Produce again, without any change, the lines running from the one with "Plate for mounting" through the final line of the data below, and only those.
Task input Block Start
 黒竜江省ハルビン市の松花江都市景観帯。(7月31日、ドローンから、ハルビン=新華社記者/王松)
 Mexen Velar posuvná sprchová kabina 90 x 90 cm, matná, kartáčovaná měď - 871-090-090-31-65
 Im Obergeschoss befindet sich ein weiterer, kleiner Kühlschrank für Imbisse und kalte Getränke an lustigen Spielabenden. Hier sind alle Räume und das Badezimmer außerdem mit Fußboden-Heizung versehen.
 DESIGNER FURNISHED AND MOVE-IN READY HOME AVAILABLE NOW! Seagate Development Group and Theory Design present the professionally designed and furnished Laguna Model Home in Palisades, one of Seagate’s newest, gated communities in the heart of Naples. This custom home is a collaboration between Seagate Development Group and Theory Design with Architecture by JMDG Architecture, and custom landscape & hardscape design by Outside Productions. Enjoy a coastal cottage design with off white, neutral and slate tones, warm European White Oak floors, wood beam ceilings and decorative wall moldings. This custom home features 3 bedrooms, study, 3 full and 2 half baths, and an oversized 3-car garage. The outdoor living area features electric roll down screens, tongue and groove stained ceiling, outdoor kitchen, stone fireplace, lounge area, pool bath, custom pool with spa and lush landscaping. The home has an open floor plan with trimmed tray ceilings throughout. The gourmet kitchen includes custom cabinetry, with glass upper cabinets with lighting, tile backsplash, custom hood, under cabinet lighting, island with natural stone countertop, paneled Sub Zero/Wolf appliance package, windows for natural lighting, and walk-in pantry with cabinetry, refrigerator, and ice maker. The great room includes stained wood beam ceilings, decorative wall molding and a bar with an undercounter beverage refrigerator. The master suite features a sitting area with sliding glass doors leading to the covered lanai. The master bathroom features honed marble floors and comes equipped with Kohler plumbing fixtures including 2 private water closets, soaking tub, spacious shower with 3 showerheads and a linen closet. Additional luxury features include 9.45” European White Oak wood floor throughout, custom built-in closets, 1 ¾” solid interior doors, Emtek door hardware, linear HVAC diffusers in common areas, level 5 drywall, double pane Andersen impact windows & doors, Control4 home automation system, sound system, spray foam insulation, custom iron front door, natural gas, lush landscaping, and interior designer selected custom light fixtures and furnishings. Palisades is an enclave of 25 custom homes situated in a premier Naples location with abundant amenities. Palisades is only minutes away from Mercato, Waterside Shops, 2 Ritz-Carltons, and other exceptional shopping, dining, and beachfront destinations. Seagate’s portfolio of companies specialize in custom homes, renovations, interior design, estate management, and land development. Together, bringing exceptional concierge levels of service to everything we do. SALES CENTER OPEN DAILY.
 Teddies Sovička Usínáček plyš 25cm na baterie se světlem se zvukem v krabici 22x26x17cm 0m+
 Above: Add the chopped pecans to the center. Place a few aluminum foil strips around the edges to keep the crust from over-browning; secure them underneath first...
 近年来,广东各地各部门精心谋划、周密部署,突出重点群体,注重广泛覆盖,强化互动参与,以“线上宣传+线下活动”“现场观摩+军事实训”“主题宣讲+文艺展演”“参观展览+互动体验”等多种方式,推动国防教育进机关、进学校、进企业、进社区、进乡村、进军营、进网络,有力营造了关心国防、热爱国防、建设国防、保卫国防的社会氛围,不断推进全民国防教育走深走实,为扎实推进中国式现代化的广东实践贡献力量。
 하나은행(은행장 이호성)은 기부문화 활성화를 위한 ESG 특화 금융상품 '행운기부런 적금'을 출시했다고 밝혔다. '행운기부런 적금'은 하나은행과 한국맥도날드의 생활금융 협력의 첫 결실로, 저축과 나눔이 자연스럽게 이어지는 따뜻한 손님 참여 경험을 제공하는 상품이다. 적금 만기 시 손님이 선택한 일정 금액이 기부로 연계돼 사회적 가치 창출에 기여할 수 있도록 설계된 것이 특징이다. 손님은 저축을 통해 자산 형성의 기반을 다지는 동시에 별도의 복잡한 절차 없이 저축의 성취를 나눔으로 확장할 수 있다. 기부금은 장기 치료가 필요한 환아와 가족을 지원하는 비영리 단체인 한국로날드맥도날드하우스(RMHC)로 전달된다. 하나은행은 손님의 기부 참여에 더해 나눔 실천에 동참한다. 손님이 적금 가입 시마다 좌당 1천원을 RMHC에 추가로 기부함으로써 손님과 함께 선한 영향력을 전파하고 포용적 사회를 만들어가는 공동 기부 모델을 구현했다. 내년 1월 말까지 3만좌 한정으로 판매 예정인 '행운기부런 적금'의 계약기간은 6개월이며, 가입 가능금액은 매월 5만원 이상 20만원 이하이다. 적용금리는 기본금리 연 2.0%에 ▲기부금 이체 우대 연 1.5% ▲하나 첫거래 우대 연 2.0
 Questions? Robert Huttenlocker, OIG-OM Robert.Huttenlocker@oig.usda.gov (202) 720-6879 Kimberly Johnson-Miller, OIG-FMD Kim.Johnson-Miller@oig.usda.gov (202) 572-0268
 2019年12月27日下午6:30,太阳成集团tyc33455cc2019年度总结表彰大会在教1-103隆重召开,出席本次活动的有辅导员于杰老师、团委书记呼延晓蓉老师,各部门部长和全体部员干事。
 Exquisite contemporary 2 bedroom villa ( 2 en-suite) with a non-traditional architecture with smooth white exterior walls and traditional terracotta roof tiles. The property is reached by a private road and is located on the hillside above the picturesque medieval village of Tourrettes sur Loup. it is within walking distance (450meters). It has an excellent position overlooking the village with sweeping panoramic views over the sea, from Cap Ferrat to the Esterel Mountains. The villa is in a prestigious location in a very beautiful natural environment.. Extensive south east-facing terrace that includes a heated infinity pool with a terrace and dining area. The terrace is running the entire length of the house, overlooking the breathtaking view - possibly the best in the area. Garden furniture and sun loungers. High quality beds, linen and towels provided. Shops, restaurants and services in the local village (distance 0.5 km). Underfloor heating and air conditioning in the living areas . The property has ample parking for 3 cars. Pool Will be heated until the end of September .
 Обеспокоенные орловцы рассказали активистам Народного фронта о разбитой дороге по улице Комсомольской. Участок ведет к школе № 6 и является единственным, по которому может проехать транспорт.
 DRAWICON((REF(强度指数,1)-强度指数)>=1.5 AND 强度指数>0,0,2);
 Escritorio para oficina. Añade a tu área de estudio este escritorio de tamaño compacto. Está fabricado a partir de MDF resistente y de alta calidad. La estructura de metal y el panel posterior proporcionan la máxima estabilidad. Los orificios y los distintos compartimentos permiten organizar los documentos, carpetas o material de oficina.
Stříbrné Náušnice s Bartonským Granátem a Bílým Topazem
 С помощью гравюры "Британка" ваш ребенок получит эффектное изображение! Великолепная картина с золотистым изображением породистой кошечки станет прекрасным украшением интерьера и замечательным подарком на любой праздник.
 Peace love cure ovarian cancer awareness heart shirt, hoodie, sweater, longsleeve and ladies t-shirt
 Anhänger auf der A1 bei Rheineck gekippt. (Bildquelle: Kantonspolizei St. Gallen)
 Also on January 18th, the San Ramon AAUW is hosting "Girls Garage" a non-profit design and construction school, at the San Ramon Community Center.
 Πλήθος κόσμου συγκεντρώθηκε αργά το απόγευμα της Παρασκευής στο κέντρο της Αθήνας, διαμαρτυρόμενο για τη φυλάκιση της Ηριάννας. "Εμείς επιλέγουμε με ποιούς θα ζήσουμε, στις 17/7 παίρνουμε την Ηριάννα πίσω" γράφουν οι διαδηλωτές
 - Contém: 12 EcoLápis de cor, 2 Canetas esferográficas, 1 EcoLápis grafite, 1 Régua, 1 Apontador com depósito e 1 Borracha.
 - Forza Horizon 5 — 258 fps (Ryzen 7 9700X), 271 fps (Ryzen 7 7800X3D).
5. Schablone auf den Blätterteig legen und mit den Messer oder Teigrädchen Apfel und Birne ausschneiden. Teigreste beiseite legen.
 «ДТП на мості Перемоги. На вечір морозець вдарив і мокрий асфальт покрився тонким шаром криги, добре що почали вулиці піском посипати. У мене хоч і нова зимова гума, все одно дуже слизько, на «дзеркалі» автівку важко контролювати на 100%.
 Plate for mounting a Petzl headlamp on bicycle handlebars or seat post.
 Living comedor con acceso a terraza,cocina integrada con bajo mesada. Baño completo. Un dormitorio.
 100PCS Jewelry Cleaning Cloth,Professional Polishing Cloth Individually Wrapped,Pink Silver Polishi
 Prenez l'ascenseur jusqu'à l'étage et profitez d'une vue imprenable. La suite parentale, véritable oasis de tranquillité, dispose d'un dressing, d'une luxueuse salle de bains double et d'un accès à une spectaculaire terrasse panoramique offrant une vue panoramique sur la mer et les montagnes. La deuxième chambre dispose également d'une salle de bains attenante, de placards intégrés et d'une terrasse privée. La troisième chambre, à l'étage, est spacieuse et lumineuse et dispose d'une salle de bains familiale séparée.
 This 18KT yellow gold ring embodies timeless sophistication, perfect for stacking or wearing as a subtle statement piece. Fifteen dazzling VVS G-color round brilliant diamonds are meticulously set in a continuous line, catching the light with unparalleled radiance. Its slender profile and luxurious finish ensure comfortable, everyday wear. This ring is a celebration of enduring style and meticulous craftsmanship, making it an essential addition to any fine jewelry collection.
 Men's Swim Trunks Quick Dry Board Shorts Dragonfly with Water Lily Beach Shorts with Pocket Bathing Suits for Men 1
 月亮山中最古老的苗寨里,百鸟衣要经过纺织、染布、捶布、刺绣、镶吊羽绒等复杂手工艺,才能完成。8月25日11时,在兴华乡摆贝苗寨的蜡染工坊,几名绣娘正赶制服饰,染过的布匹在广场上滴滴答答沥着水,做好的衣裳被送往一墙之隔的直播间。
Task input Block End
## Result for this task
 Plate for mounting a Petzl headlamp on bicycle handlebars or seat post.
 Living comedor con acceso a terraza,cocina integrada con bajo mesada. Baño completo. Un dormitorio.
 100PCS Jewelry Cleaning Cloth,Professional Polishing Cloth Individually Wrapped,Pink Silver Polishi
 Prenez l'ascenseur jusqu'à l'étage et profitez d'une vue imprenable. La suite parentale, véritable oasis de tranquillité, dispose d'un dressing, d'une luxueuse salle de bains double et d'un accès à une spectaculaire terrasse panoramique offrant une vue panoramique sur la mer et les montagnes. La deuxième chambre dispose également d'une salle de bains attenante, de placards intégrés et d'une terrasse privée. La troisième chambre, à l'étage, est spacieuse et lumineuse et dispose d'une salle de bains familiale séparée.
 This 18KT yellow gold ring embodies timeless sophistication, perfect for stacking or wearing as a subtle statement piece. Fifteen dazzling VVS G-color round brilliant diamonds are meticulously set in a continuous line, catching the light with unparalleled radiance. Its slender profile and luxurious finish ensure comfortable, everyday wear. This ring is a celebration of enduring style and meticulous craftsmanship, making it an essential addition to any fine jewelry collection.
 Men's Swim Trunks Quick Dry Board Shorts Dragonfly with Water Lily Beach Shorts with Pocket Bathing Suits for Men 1
 月亮山中最古老的苗寨里,百鸟衣要经过纺织、染布、捶布、刺绣、镶吊羽绒等复杂手工艺,才能完成。8月25日11时,在兴华乡摆贝苗寨的蜡染工坊,几名绣娘正赶制服饰,染过的布匹在广场上滴滴答答沥着水,做好的衣裳被送往一墙之隔的直播间。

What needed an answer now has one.